An example where I already use it in another part of my script:

 sort_id = cats(sort_id, put(new_id, z3.));

Example result in Viya for that code:

FYI: Viya does not sort characters after the 5th character (in my testing), so I actually replace the sort_id buy a sort_number in code and use that in Viya:

data &table_out(drop=sort_id);
	set &table_out;
	by sort_id;

	if first.sort_id then
		hierarchy_sort_number+1;
run;

By using first. all sort_id's that are identical get the same sort_number.

Regarding repeat, using this for the example in this reply:

hierarchy_sort_name = substr(cat(repeat("  ", %eval(&i-1)), hierarchy_level_&i), 3);

The tip to use 'A0'x is much appreciated. I currently replace the spaces in Viya in a calculated column with this unicode character: https://www.compart.com/en/unicode/U+2800 (braille blank pattern), but I like your suggestion better. When I just tried to copy the unicode charater in EG, it gave me an error and refused to run the script.

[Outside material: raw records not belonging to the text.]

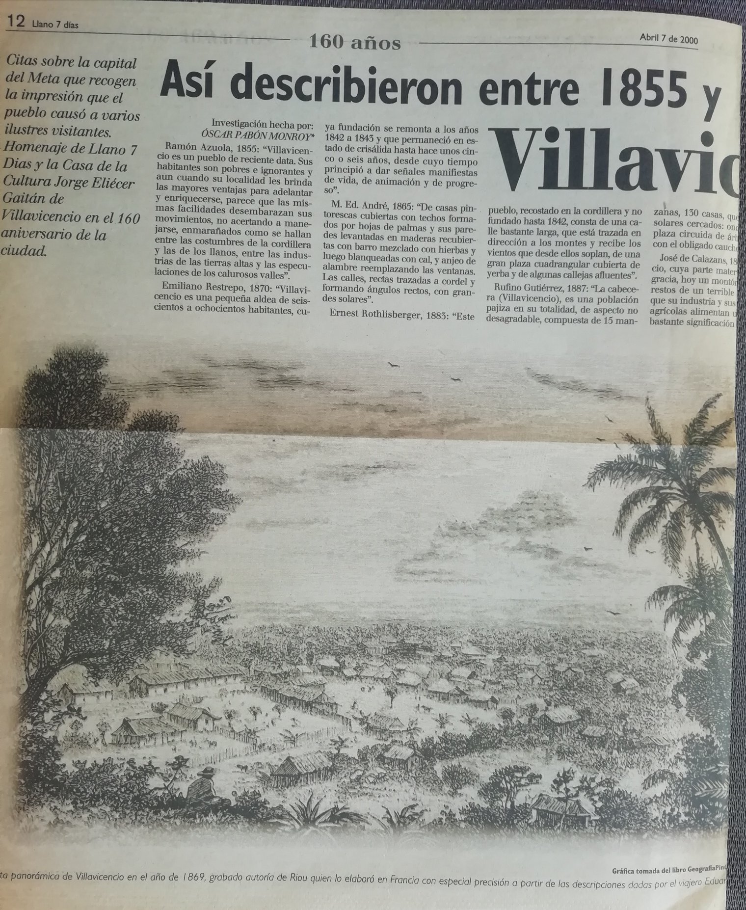 José Eustasio Rivera, 1916: “Más allá de Villavicencio, población importante de calles empedradas, de luz eléctrica y acueducto, se extiende una selva de más de 30 kilómetros de anchura, que va desde los ejidos de la población hasta el linde de los pajonales pequeños”.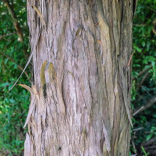 イヌマキの幹。老木になると表面が薄く縦に裂けて、次第にはがれてきます。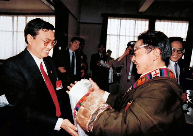 1993年5月2日,李克强到共青团第十三次全国代表大会代表驻地看望代表。新华社发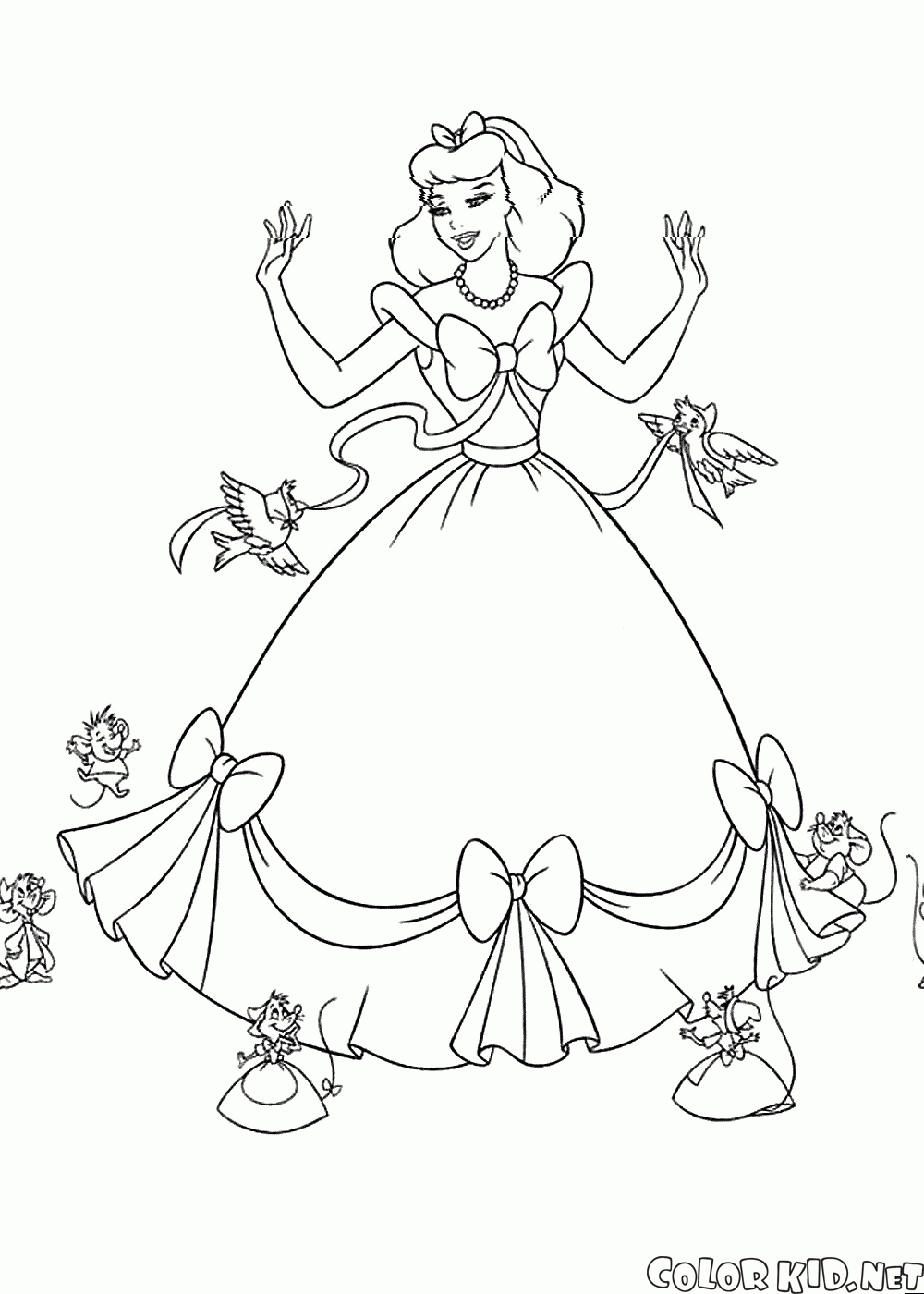 Раскраску для детей Золушка в красивом платье вы можете бесплатно скачать и распечатать на нашем сайте.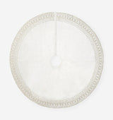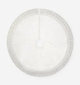 This stocking and tree skirt collection dazzles with scalloped beadwork and metallic embroidery on a snowy velvet base. The tree skirt can be personalized above the patterned border with a monogram.

The code this is part of actually creates the same effect, but there the hierarchy data is in separate columns (hierarchy_level1, hierarchy_level2, etc). This is just the way the source data is formatted. For some reason that was easy for me to create. But to achieve the same with only parent-child data, recursive coding (CTE?) is required, and I am unfamiliar with it.